Posted by on Apr 19, 2018 in Elder Care | Comments Off on Law professor says Uber driver tried to abduct her on ride to the airport

Criminal Justice

A law professor said an Uber driver tried to take her to a hotel against her will on her way to the airport.

Nancy Leong, a professor at the University of Denver Sturm College of Law, described Tuesday’s incident through a series of posts on her Twitter account and called on Uber to take action. USA Today, the Huffington Post and Denver7 also have stories.

Leong said the driver exited the highway saying he was going to take her to a hotel. According to her tweets, when the car stopped at a red light at the bottom of a highway ramp, she started screaming “let me out of the fucking car” and pounded on the windows. The driver did not unlock the doors until nearby construction workers noticed her. She got out and called another Uber to take her to the airport—the construction workers waited with her.

“I think it probably goes without saying that I am uncomfortable with this person having my home address, which is where he picked me up. I’d like to know what you’re going to do about this,” Leong said in a tweet. She added that the driver did not look like the picture in his profile.

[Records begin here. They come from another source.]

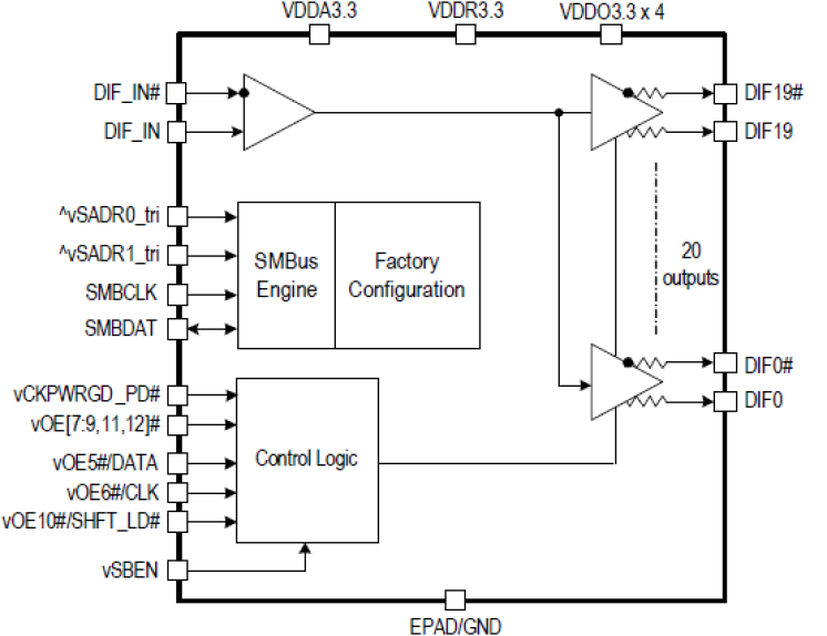 The 9QXL2001C is a 20-output very-low additive phase jitter fanout buffer for PCIe Gen1 to Gen6 applications. The 9QXL2001C provides two methods to control output enables; standard OE# pins and SMBus enable bits, and a simple 3-wire serial interface (side-band interface) that is independent of the SMBus. The side-band interface is enabled via a hardware strap and operates simultaneously with the OE# pins and SMBus enable bits. It offers integrated terminations for 85Ω transmission lines.
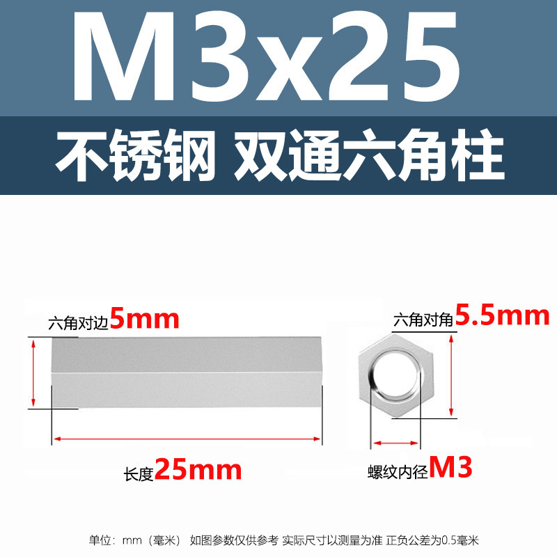 • M3*25(304 이중 통과 육각형 기둥)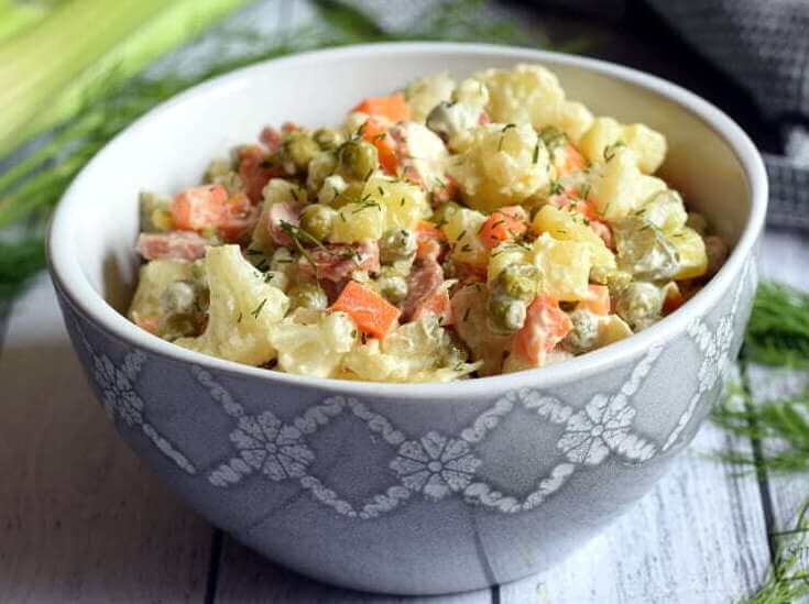 6.Готовый салат из цветной капусты и картофеля с сосисками можно подавать на завтрак, ужин, в дополнение к обеду, взять на пикник или на работу.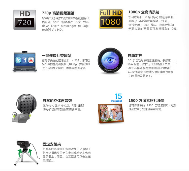 商品名称:罗技(Logitech)C920e 高清网络直播摄像头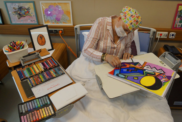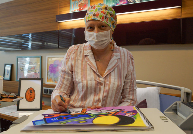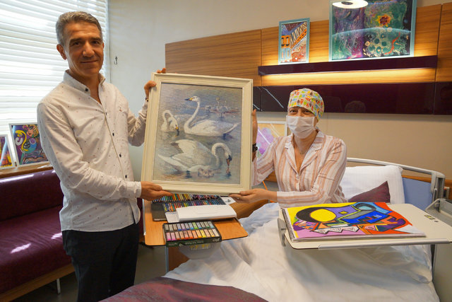 İzmir'de kısa aralıklarla hem lösemi hem de meme kanseri teşhisi konulan 47 yaşındaki öğretmen, hasta odasında yaptığı resimlerle bir yandan yaşama tutunurken diğer yandan da başka hastalara moral oluyor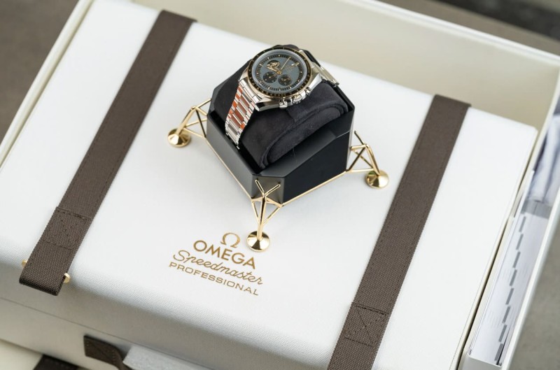 谈到善用包装说故事,欧米茄绝对是代表性案例。超霸系列的登月表,几乎已把表盒变成叙事道具,模拟太空衣布料的外观、附加的表带与扣环,都在强化「太空任务装备」的角色设定,某些版本甚至加入放大镜与钢制纸镇,巧妙呼应太空飞行的情境;阿波罗11号50周年纪念款更直接把登月舱变成表座,这些设计未必人人需要,但对收藏家来说,却大幅加深了情感连结,也让人更愿意完整保存盒单。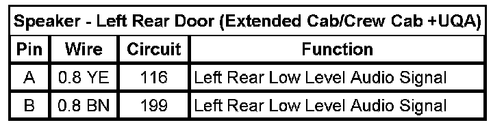 Speaker - Left Rear Door (Extended Cab/Crew Cab +UQA)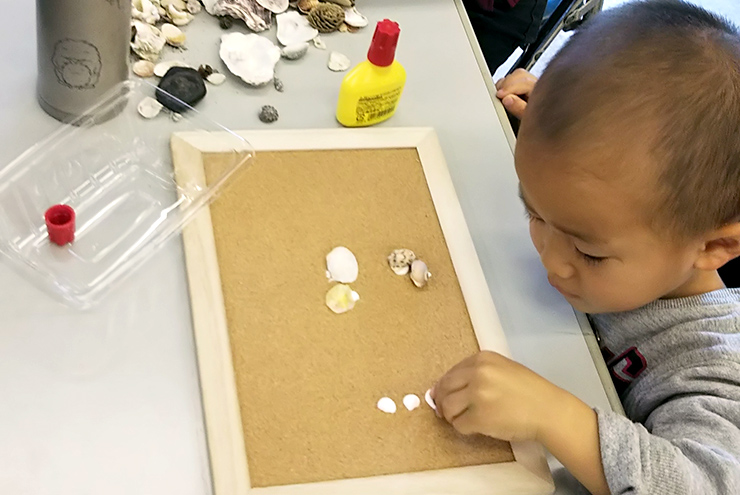 お子さんが、一つ一つ手に取り色や形を確かめながら、自分だけの作品を創るのに熱中されている様子がわかります。子どもの時代の自然体験/自然の見方が成長した時の行動に良い影響を及ぼすそうです。たくさんの機会をこれからも提供してほしいと思います。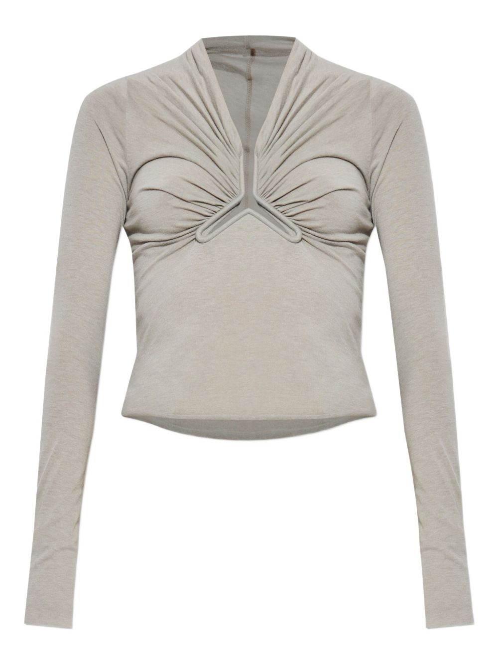 draped-neck long-sleeve T-shirt Highlights - Grey - Draped neckline - Long sleeves - V-neck Made in Italy Composition Wool 40%, Viscose 30%, Nylon 30% Washing instructions Read Manufacturer Guidelines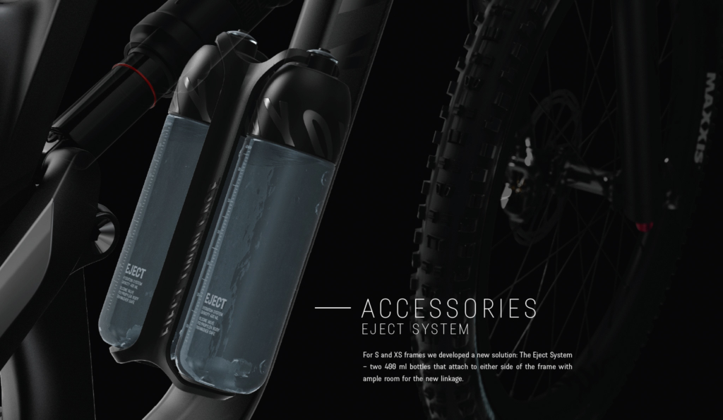 On retrouve un porte bidon latéral assez classique mais aussi, pour les tailles S et XS, un porte bidon « double » qui intègre deux petits réservoirs qui ont la faculté de na pas buter contre l’amortisseur. Malin !

Uber has an incident response team to address any urgent issues and contacts the rider and driver when an incident is reported. The company said it has removed the driver’s access to the app and is ready to work with police should they become involved.

“What Nancy described is awful and unacceptable. This driver has been blocked from the app and we are investigating,” Uber said.

Two unnamed women filed a proposed class action suit against Uber in November 2017, accusing the company of poor driver vetting that has led to female passengers enduring sexual harassment, including rape.

Uber announced last week on its website that it will soon include a new emergency button that will allow passengers to call 911 from the app.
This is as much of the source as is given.